Petroff looked down at the floor as though he dare not meet the eye of any man and say so monstrous a thing.
"To the servant Boolba," he said.
Chapter 15 The Red Bride
Irene Yaroslav came back to the home which had always been associated in her mind with unhappy memories, to meet the culminating disaster which Fate had wrought. Whatever thoughts of escape she may have treasured in secret were cut into by the sure knowledge that she was watched day and night, and were now finally terminated by the discovery that the big apartment house, a suite of which Boolba had taken for her disposal when he had ousted her from her father's house, was practically in possession of the Soviet Guard.
She drove to the palace with an undisguised escort of mounted men, one on either side of the carriage, one before and one behind, and went up the stairs--those grim stairs which had frightened her as a child and had filled her nights with dreams, passing on her way the now empty bureau which it had been Boolba's whim for her to keep.

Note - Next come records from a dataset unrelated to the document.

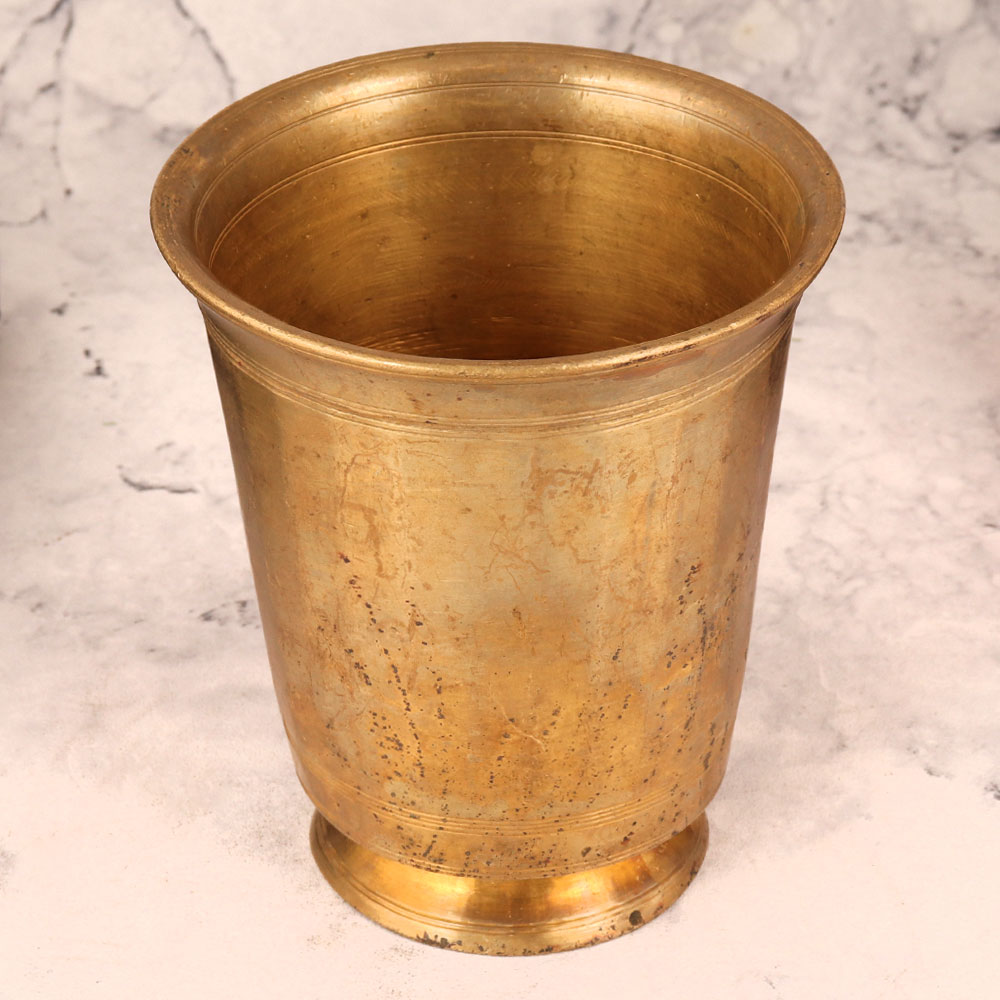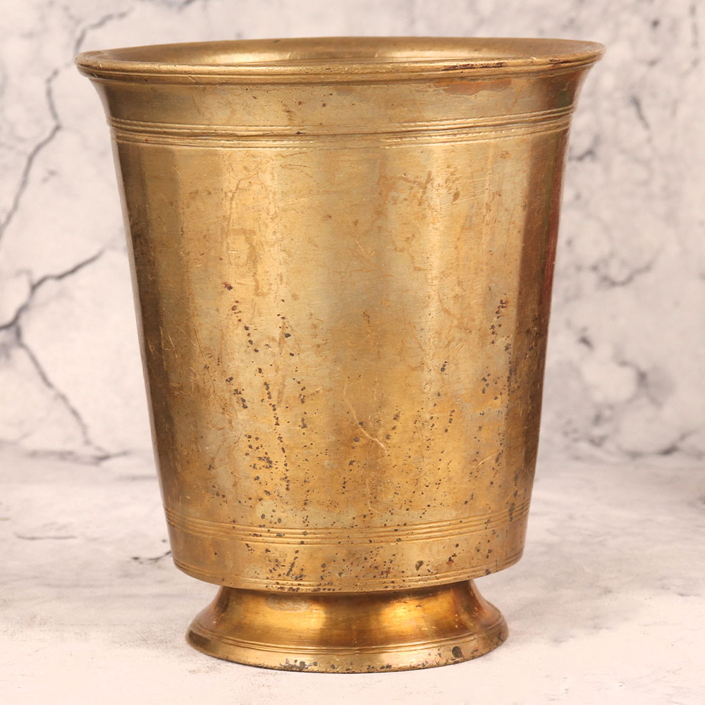 A vintage brass glass with an antique golden finish which is meticulously handmade by highly skilled and experienced Indian artisans hailing from the artistic realms of South India. Crafted from high-quality brass, this timeless artefact bears the heritage of traditional Pooja, havan, and rituals. With its ornate design and historical significance, this piece serves as more than just a ritual accessory—it doubles as an elegant decoration for your home, office, restaurant, hotel, shop, or cafe. Its versatility is striking, it can hold fragrant flowers, becoming a captivating flower pot that radiates charm. For ardent vintage collectors, this glass is a coveted treasure, a tangible link to the past. Its allure is not confined to private spaces, consider featuring it in exhibitions, where its beauty and cultural value can be appreciated by all. Moreover, this masterpiece makes for an ideal gift to mark special, festive, or auspicious occasions, symbolizing your best wishes and cultural appreciation.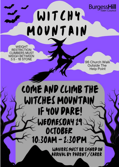 | Details | Witchy Mountain is returning this Halloween on Wednesday 29 October, do you dare to climb the witches mountain? Located outside the Help Point from 10:30am – 2:30pm, a waiver must be signed on arrival by a parent or carer and weight restrictions apply, climbers must weigh between 3.5 – 18 stone. For more information on any of these events contact Communityteam@burgesshill.com or call 01444 247726. |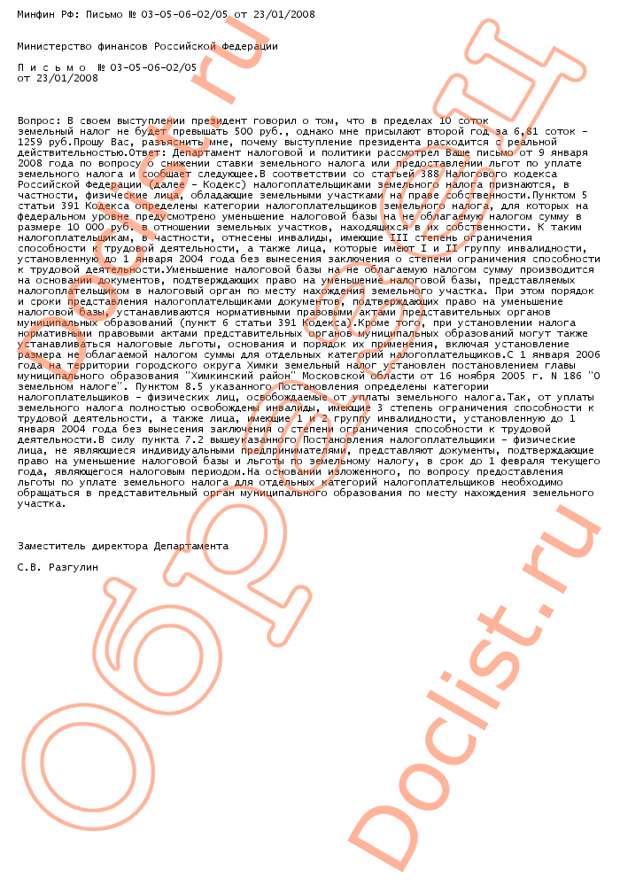 Минфин РФ: Письмо № 03-05-06-02/05 от 23/01/2008 скачать образец документа

Maria Badisikaya, an officer of the Committee for the Suppression of the Counter-Revolution, formerly an operative in the Moscow Cigarette Company, was waiting in the small drawing-room which still retained some of its ancient splendour. Maria was a short, stumpy woman with a slight moustache and a wart on her chin, and was dressed in green satin, cut low to disclose her generous figure. About her stiff, coal-black hair was a heavy diamond bandeau. She was sitting on a settee, her feet hardly touching the ground, cleaning her nails with a little pocket-knife as the girl entered. Evidently this was her maid of honour, and she could have laughed.
The woman glowered up at her and jumped briskly to her feet, closing the knife and slipping it into her corsage.
"You are late, Irene Yaroslav," she said shrilly. "I have something better to do than to sit here waiting for a boorjoo. There is a committee meeting at ten o'clock to-night. How do you imagine I can attend that? Come, come!"